I think it depends on the algorithm. Something like siri trains on a larger data set with better hardware and uses a reduced version on the phone hardware. I think most neural networks can be reduced and compressed into a 'read only' format with limited or no new training, but it's a secondary problem.
The memory chips have been moved closer to the GPU, from inches to mm away (aside: inches vs mm? Imperial vs metric? What is this craziness? Have they taken a leaf out of the plywood industry where everything is measured width and height in feet and inches and depth in mm... I mean, what the flipping heck?)
Where was I? Oh, yes, moving a memory chip a few cm makes the data bus faster? I thought that the speed of light (or electrons in this case) was so quick that a few cm wouldn't make any difference?
1. The speed of electrons in wires is quite slow. Electrical signals travel much faster than electrons.
2. Light travels ~30 cm per 1 GHz clock cycle. That's approaching the point where we have to worry about it, but...
3. The speed of light constrains latency, not bandwidth. GPUs care much more about bandwidth. The advantage of using shorter wires is it allows increasing bandwidth more easily.
Very generally ,both bus clock speed and bus power(per bit) are proportional to the parasitic capacitor that's formed between any two bus wires which is proportional to their length.
This is because every new bit on the bus needs to charge this parasitic capacitor and this takes time and power.
I'm not an electrical engineer, but I think that one difference can be in the required drive voltage and power for the bus. Remember that the GPU needs to drive the bus, i.e. it must apply sufficient voltage to make the lines reach the required voltages, and do so quickly. This can become easier if you know the distance is smaller; the driver can be faster since the losses in the line will be smaller too (and less risk of it picking up interference).
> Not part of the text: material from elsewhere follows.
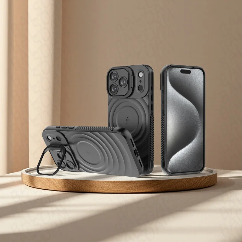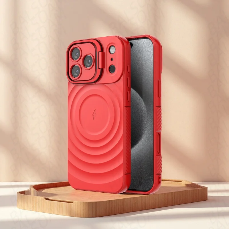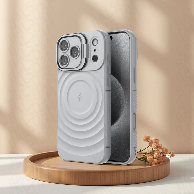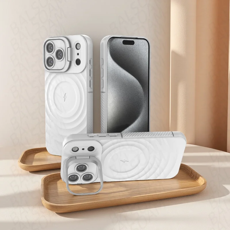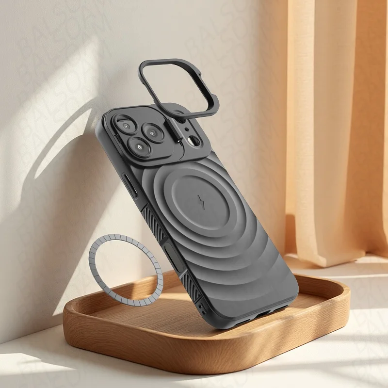 Matte Ripple Folding Camera Stand Case For iPhone 17 Air 16 15 14 Plus 13 Pro Max For Magsafe Magnetic Wireless Charge TPU Cover

It's probably a differential drive which makes things more complicated in the details, but I think in general the above is true anyway.
Component pin spacing is nearly always in decimal fractions of an inch. As others have commented, it improves latency at GHz speeds. The optimal approach for this is stacked dies, like the Raspberry Pi, although there it's done for cost and area reasons instead.
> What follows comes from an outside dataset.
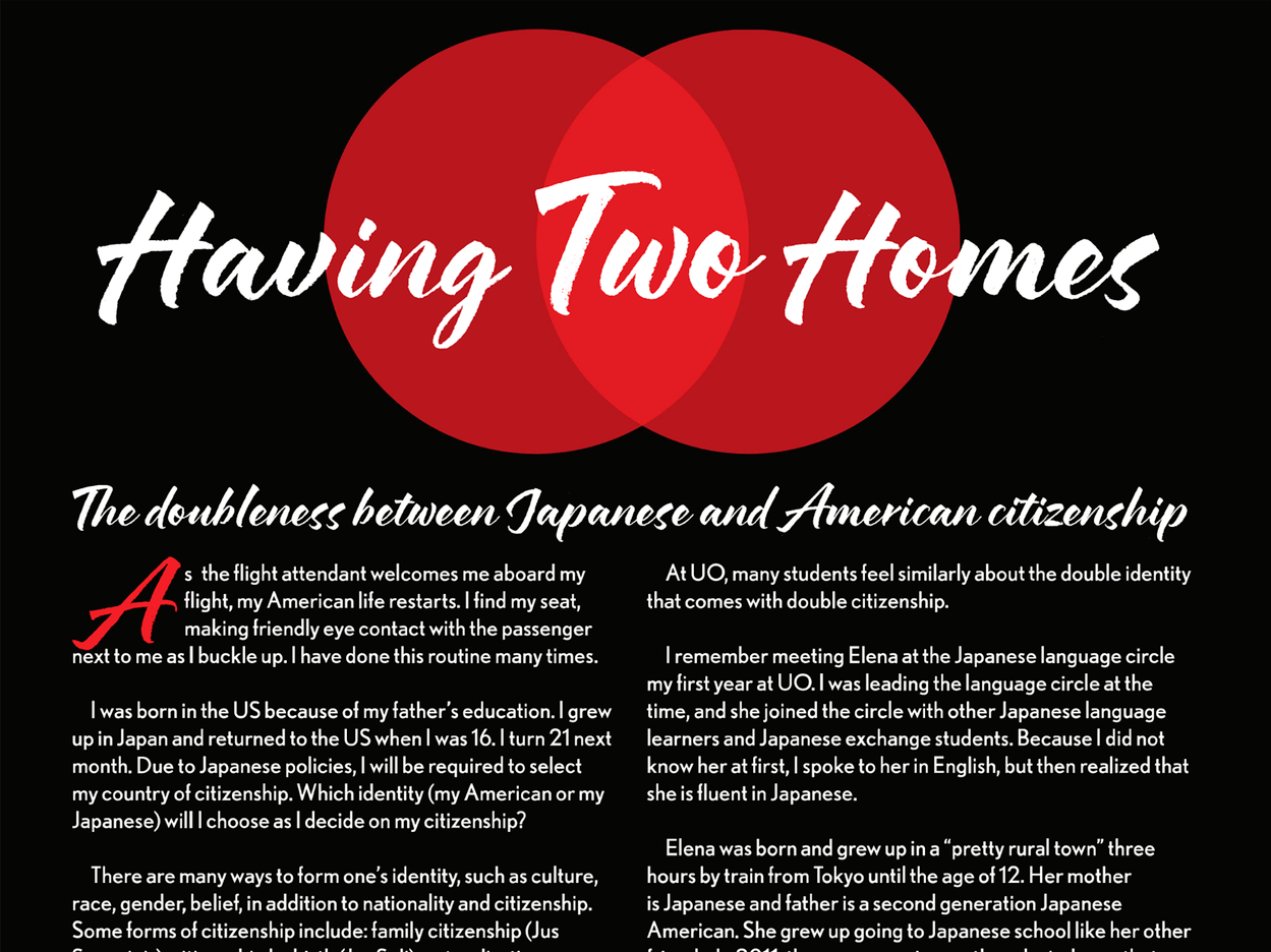 A dynamic magazine spread exploring dual citizenship.

I was at an Nvidia presentation where they made a big deal about just being 'on-silicon' rather than having to go through copper connects (to a bus external to the chip). Each join, corner, etc adds to capacitance on the wire, which then leads to delays (alternatively power consumption, and heat).
I doubt I'm the only one to confuse the Pascal architecture (successor to Maxwell) with the Pascal language.
This will make all of the stuff in Caffe (C++?), Torch (C) and Theano (Python) faster by inclusion of cuDNN, a low-level CUDA-optimized library of deep neural network primitives.
also: I was under the impression single precision was fine for most deep learning applications and double precision doesen't even have good support in most libraries but I guess it depends on the use case.
FLOP-wise that makes sense. But for deep learning, the big deal is in the 12Gb GPU-local memory, which has enormous bandwidth (and can store more of your dataset / parameters at once). The largest concern with GPU processing is keeping the GPU adequately fed with data - and avoiding round-trips of blobs of data with the CPU helps a lot.
Oh I agree and the article talks plenty about that topic as well. For me the temptation with Titan X is primarily the "laziness" of a) not manualy having to try to parallelize AWS units and b) not needing to try to squeeze in models into 4-6gb.
Half precision floating point is really something that should have been in hardware a long time ago. There are other applications besides deep learning that could benefit from the dynamic range of floating point, but don't need 32 bits. For example, imaging and audio.